Le trame dei Film a Torino /
Il diritto di uccidere – Azione. Regia di Gavin Hood, con Helen Mirren, Aaron Paul e Alan Rickman. Il colonnello inglese Katherine Powell dirige a distanza un’operazione contro una cellula terroristica a Nairobi. Il suo “occhio” sul campo è un darne pilotato in Nevada dal giovane ufficiale Steve Watts: quando diventa inevitabile sferrare un attacco entrambi realizzano che anche una bambina cadrebbe tra le vittime. Nessuno nella stanza dei bottoni vuol prendersi la responsabilità di una decisione tanto drammatica. Ultima prova sullo schermo per il grande Alan Rickman. Durata 102 minuti. (Ambrosio sala 3, Eliseo Rosso, Romano sala 3)
L’era glaciale: in rotta di collisione – Animazione. Regia di Mike Thurmeier e Galen T. Chu. Scordatevi la teoria del Big Bang. L’origine dell’universo è merito della ghianda dello scoiattolo-topo Scrat, causa di una cascata di meteoriti sul nostro pianeta. A salvare la situazione ci penseranno gli amici Sid, Manny, Diego e il resto del branco, tutti in fuga verso Geotopia. Durata 100 minuti. (Massaua, Eliseo rosso, Ideal, Lux sala 3, Reposi, The Space, Uci)
Io prima di te – Commedia (tra sospiri e lacrime). Regia di Thea Sharrock, con Sam Caflin e Emilia Clarke. Sospiri e lacrime, ovvero preparate i fazzoletti. Ovvero siamo di fronte a uno di quei soggetti che, senza tema di essere smentiti, scottano e molto. Alla radice il romanzo scritto (furbescamente?) da Jojo Moyes, bestseller per cuori d’antan o forse soltanto giustamente più sensibili. Lei, di famiglia modesta, carattere splendidamente esuberante, lui biondo ricco bellone manager, su sedia a rotelle a seguito di tragico incidente. Saprà lei ridargli un po’ di felicità e magari distoglierlo da pensieri che proprio non collimano con quelli di una vita normale? Una buona chiave per i giovani attori che aspirano al successo. E il pubblico, da che parte si schiererà? Apertissimo un dibattito mi piace/non mi piace. Durata 110 minuti. (Ideal, Lux sala 1, Massaua, Reposi, The Space, Uci)

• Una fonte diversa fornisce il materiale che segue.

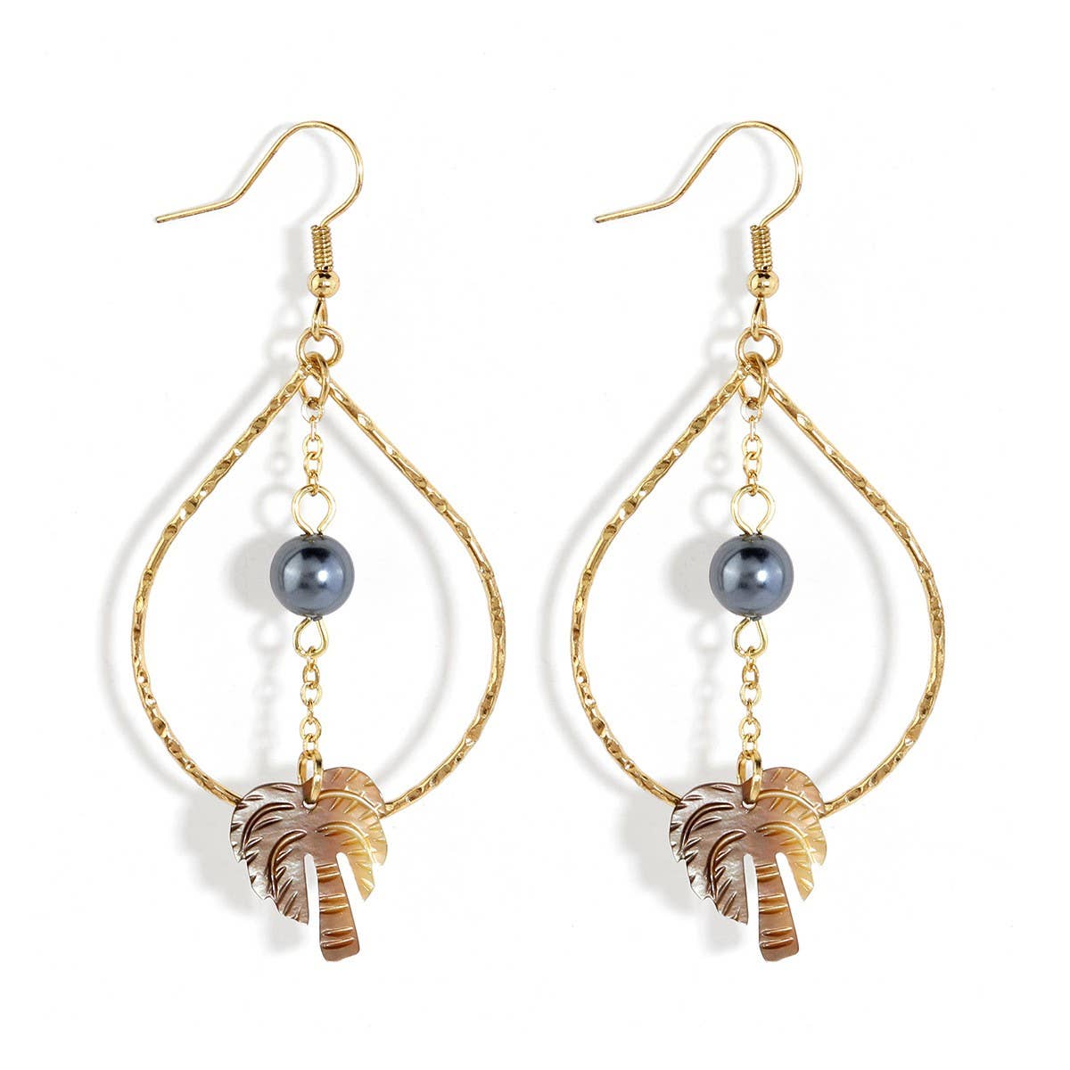 NICHE HOLLOW BLACK SHELL PALM TREE EARRINGS_CWMM4364

Bruni Tedeschi. Nell’estate del 1910, in un’Europa che sta scivolando verso una guerra di proporzioni terrificanti, l’ispettore Machin e il suo assistente si ritrovano a dover indagare, in un piccolo centro del nord francese, sulla sparizione di alcune persone. Si trovano di fronte la famiglia Brufort, di umili origini, e quella borghese, in piena decadenza, dei Van Peteghem. Entrambe hanno dei segreti, ben conservati tra le pareti di casa. Durata 122 minuti. (Classico, Due Giardini sala Ombrerosse)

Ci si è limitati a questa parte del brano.